**What the exercise asks:** Copy exactly. Include the line containing "0.020mm(2.54~635目/英寸)網孔規格見表。", every line after it, and the last line below, but no pictures.

**Information supplied:**
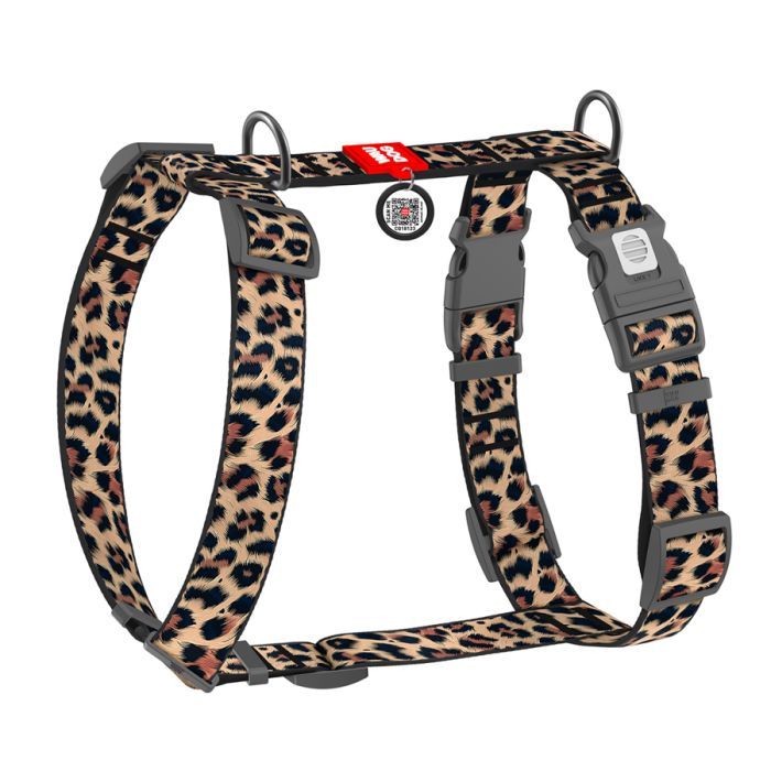 Шлея для собак WAUDOG Nylon анатомічна H-подібна з QR-паспортом "Леопард" пластиковий фастекс, M (344-4066) 344-4066
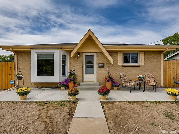 This lovely all brick ranch-style home, is perfect for the "first time" home buyer. The kitchen has been completely remodeled with new cabinets, flooring, backsplash, and a very "unique" dining island. This cozy home has two bedrooms on the main level and two bedrooms in the basement. One basement bedroom is being used as a walk-in closet but can be converted back to an actual bedroom as there is a closet in this room. Windows in the basement are non-conforming. There is a large family room and large laundry/storage room combination also in the basement. Living room has beautiful bay window which brings in the beautiful Colorado sunlight. Updates to this home in 2019 and 2020 include High R vapor and radiant barrier insulation in the attic; all new windows through the house; solar roof panels which will save 50-80% on electricity costs; security system with cameras inside and out; cement driveway, large front and back patio and walkways, and 6' high cedar fence. Front and back yards are a blank slate - design your own incredible outdoor sanctuary. Middle and High schools are only 1.5 miles away and elementary school is one block away. Easy access to I-25 and RTD park-n-ride. Shopping, restaurants and recreation are in close proximity.
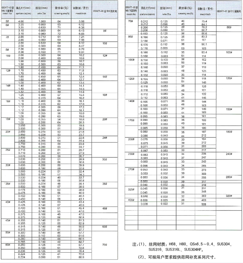 0.020mm(2.54~635目/英寸)網孔規格見表。
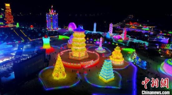 12月12日晚,長(zhǎng)春冰雪新天地開(kāi)門(mén)迎客。主題為“冰雪絲路 龍騰盛世”的長(zhǎng)春冰雪新天地園區(qū)占地面積達(dá)156萬(wàn)平方米,用冰量42.8萬(wàn)立方米、用雪量31萬(wàn)立方米,建設(shè)冰雪建筑120組。

**Answer space:**
 0.020mm(2.54~635目/英寸)網孔規格見表。
 12月12日晚,長(zhǎng)春冰雪新天地開(kāi)門(mén)迎客。主題為“冰雪絲路 龍騰盛世”的長(zhǎng)春冰雪新天地園區(qū)占地面積達(dá)156萬(wàn)平方米,用冰量42.8萬(wàn)立方米、用雪量31萬(wàn)立方米,建設(shè)冰雪建筑120組。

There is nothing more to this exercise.